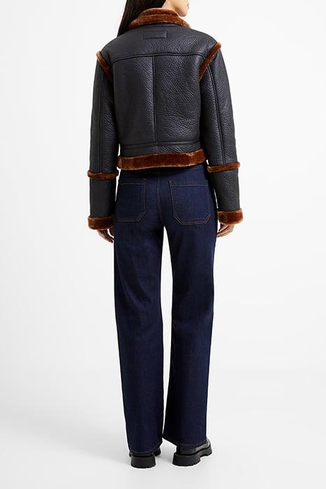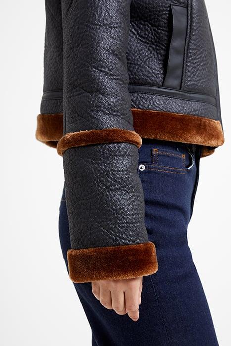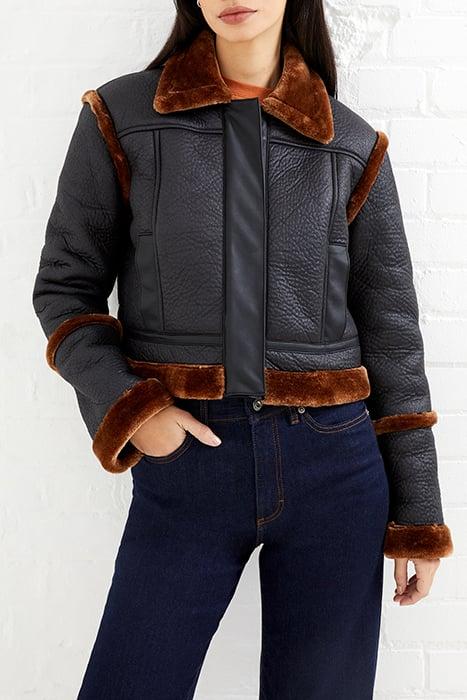 BELEN FAUX FUR L/S CROP JKT BLACK
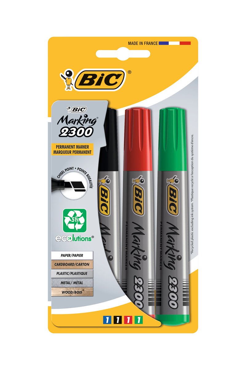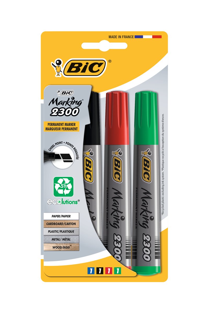 2 x BIC Marking 2300 ECOlutions Marqueurs Permanents à Pointe Moyenne Biseautée - Couleurs Assorties, Blister de 4
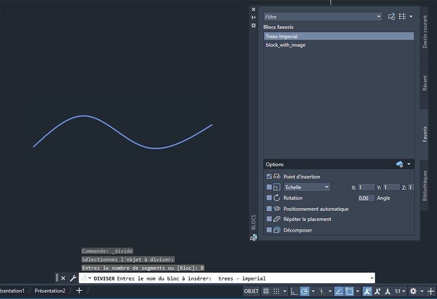 Jusqu’à présent, nous avons utilisé les commandes DIVISER et MESURER pour placer des points sur des objets, mais vous pouvez également utiliser l’option Bloc pour placer des blocs sur la longueur ou le périmètre d’un objet. Dans l’exemple suivant, nous allons utiliser DIVISER pour placer cinq blocs espacés régulièrement (dans ce cas, des arbres) le long d’une spline.
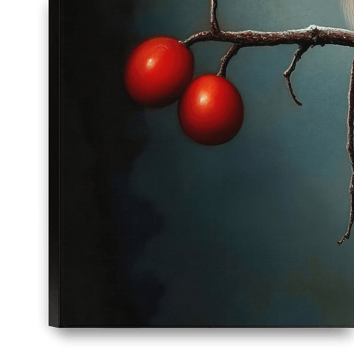 An intimate little scene: a little bird with bright red breast sits gracefully on a thin branch with red berries, caught in a beautiful, warm light reminiscent of the masterful atmosphere of a Rembrandt painting. The little bird, with its striking red-orange breast, is a vivid accent against the subtle background, which is shrouded in…
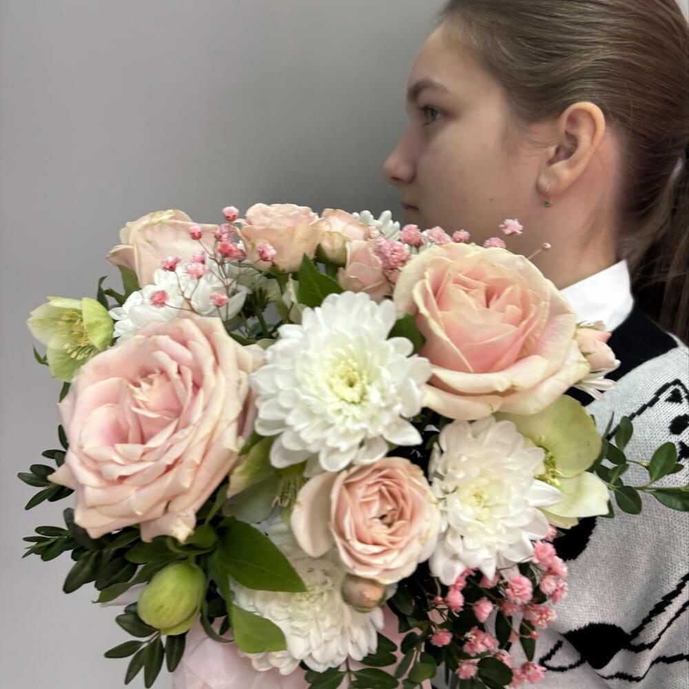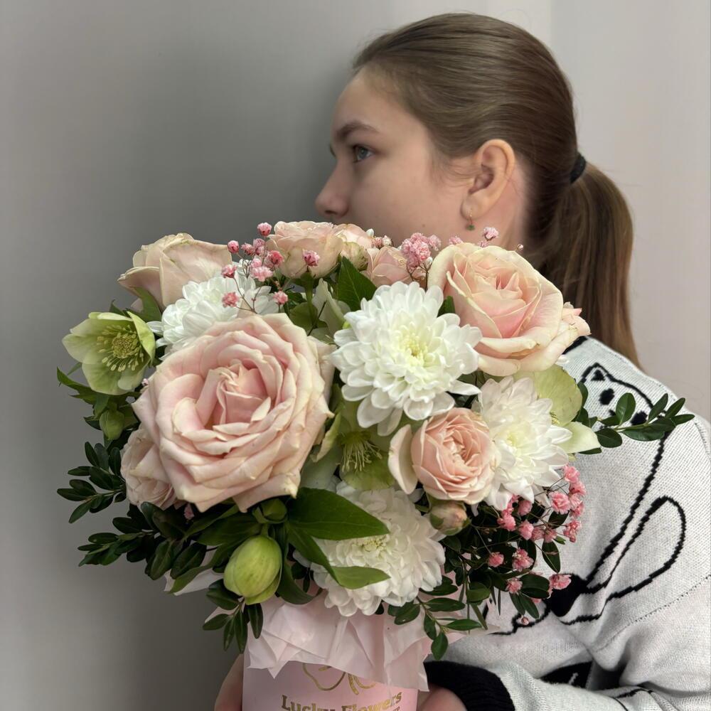 Нежная цветочная композиция с первоцветами в шляпной коробке
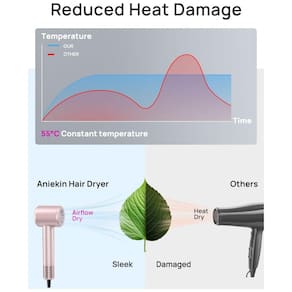 O secador de cabelo ANIEKIN oferece uma secagem ultra rápida graças ao motor sem escovas de alta velocidade de 110.000 RPM, com velocidade do vento de até 26 m/s e fluxo de ar forte. Seca o cabelo em pouco tempo, sendo 5 vezes mais rápido do que secadores tradicionais. Um presente extraordinário para qualquer ocasião, proporcionando resultados de salão em minutos. Este secador de cabelo profissional é ideal para aniversários, Natal, Dia das Mães, Dia dos Namorados e outras datas especiais. Mime seus entes queridos ou a si mesmo com cabelos luxuosos e saudáveis todos os dias. Com motor potente e tecnologia de controle térmico, o secador possui controle inteligente avançado de temperatura, protegendo os fios do calor excessivo. O motor e o duto de ar são otimizados, o som é cuidadosamente modulado para reduzir o ruído e proporcionar uma experiência agradável de secagem. O secador de cabelo iônico negativo libera 200 milhões de íons negativos durante o processo de secagem, mantendo o cabelo sedoso e retendo a umidade. Adeus ao frizz, estática e ressecamento. Com ajustes de calor personalizáveis e modo de resfriamento, oferece 4 configurações precisas de calor - Frio, Morno, Quente e Ciclo - para todos os tipos de cabelo e estações do ano. Experimente o modo de resfriamento para um blowout refrescante no verão, ou use o Ciclo para alternar temperaturas com conforto durante a modelagem. Leve para casa, viagens ou salão, o secador é leve, compacto e seguro, com design ergonômico, controles simples e filtro para evitar que os fios sejam sugados. Perfeito para uso em movimento, incluindo crianças e gestantes. Ideal como presente de Dia dos Namorados, Dia das Mães e aniversário. Com qualidade premium e design elegante, tem construção durável para desempenho duradouro, sendo perfeito para ocasiões especiais e uso diário. Com visual moderno e embalagem premium, é uma excelente escolha para família e amigos.
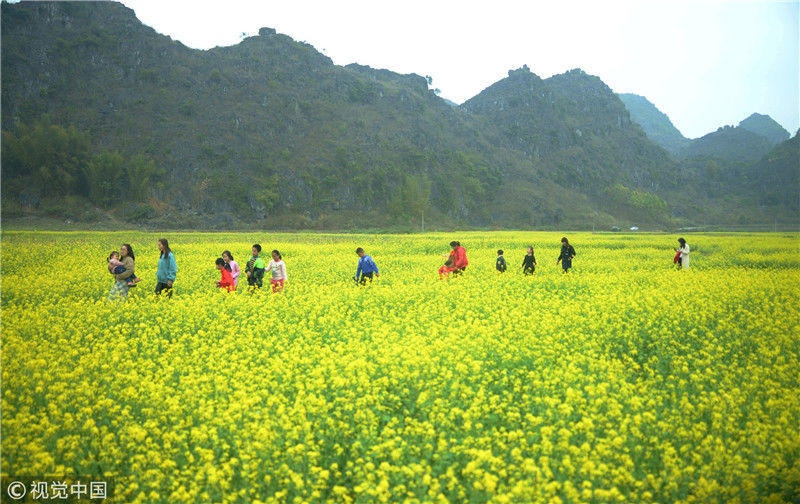 2019年2月5日,广西来宾,当天是农历大年初一,人们在忻城县城关镇隆光村油菜花海中赏花游玩。
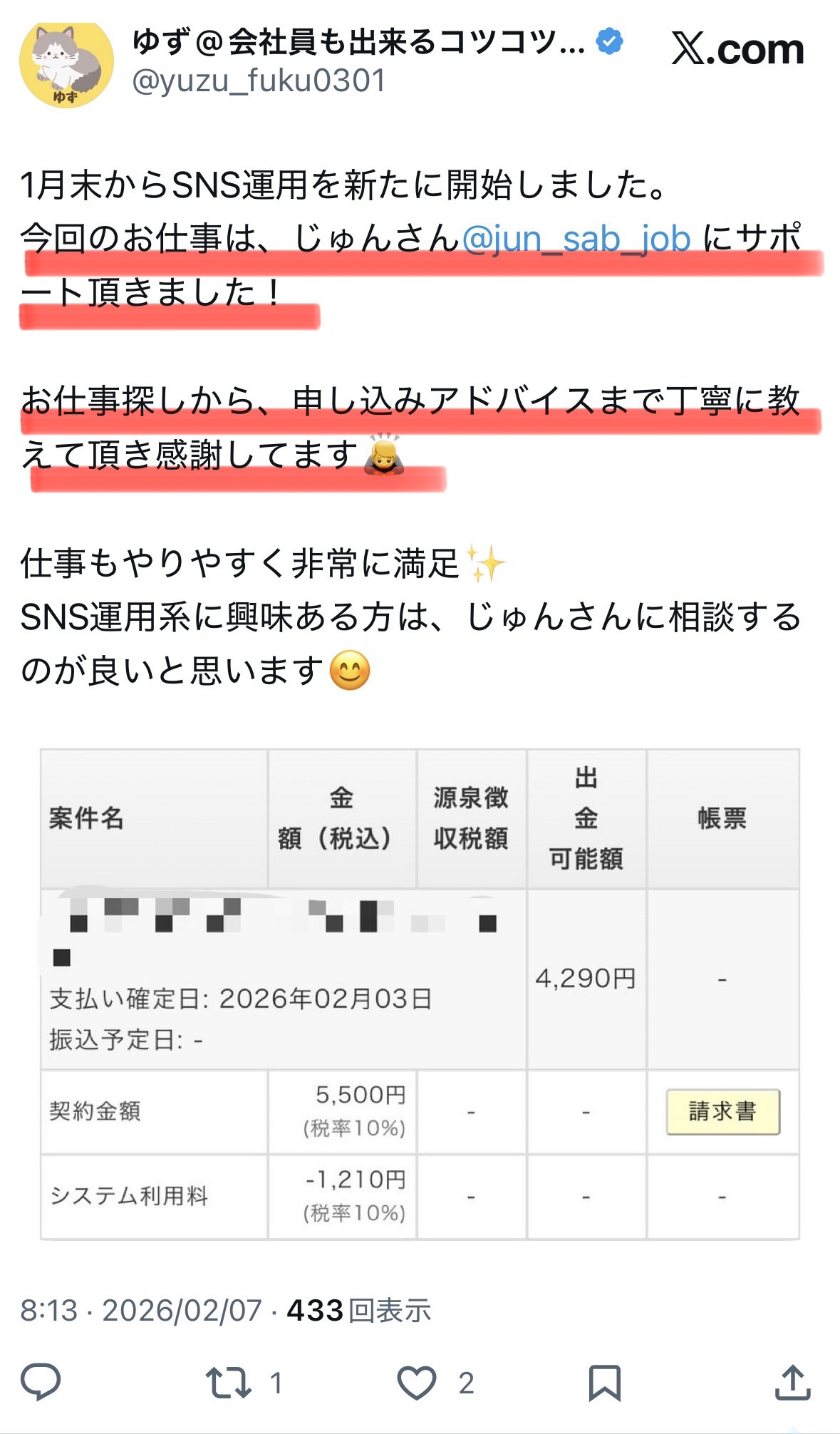 Xのアカウント (https://x.com/jun_sab_job?s=21)
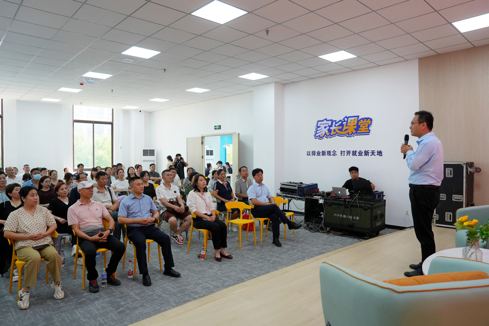 新生报到期间,学校开设家校共育大讲堂,针对家校共育的具体途径和方法,对广大家长关心的家校共育话题进行探讨,促进家校协同育人大融合,共同营造学生健康成长空间,让孩子变得更好,家长更幸福,家庭更和谐。
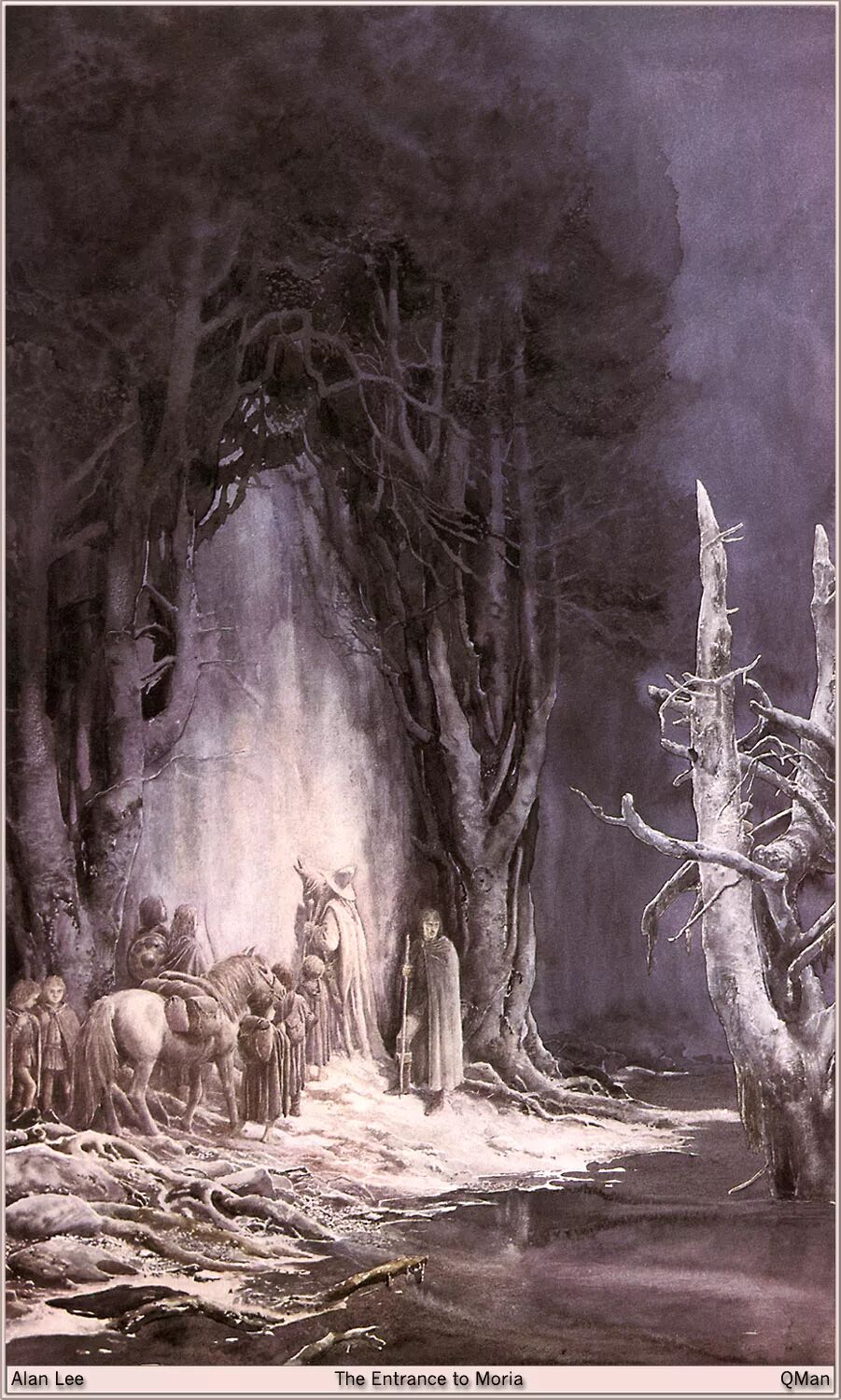 《魔戒》的创作中,阿兰·李选择让景色占据主导地位,而人物只占了画面很小的比例。这样的处理,是为了让读者更容易代入,和主角一起体会在奇幻世界中冒险。避免角色形象太具象化,和读者脑海中的完美形象起冲突。

* _Directions_: Without any pictures, please write out the lines from the one containing "2019年2月5日,广西来宾" through the final line of the data, exactly and inclusive of both ends.

* _Result of this task_:
 2019年2月5日,广西来宾,当天是农历大年初一,人们在忻城县城关镇隆光村油菜花海中赏花游玩。
 Xのアカウント (https://x.com/jun_sab_job?s=21)
 新生报到期间,学校开设家校共育大讲堂,针对家校共育的具体途径和方法,对广大家长关心的家校共育话题进行探讨,促进家校协同育人大融合,共同营造学生健康成长空间,让孩子变得更好,家长更幸福,家庭更和谐。
 《魔戒》的创作中,阿兰·李选择让景色占据主导地位,而人物只占了画面很小的比例。这样的处理,是为了让读者更容易代入,和主角一起体会在奇幻世界中冒险。避免角色形象太具象化,和读者脑海中的完美形象起冲突。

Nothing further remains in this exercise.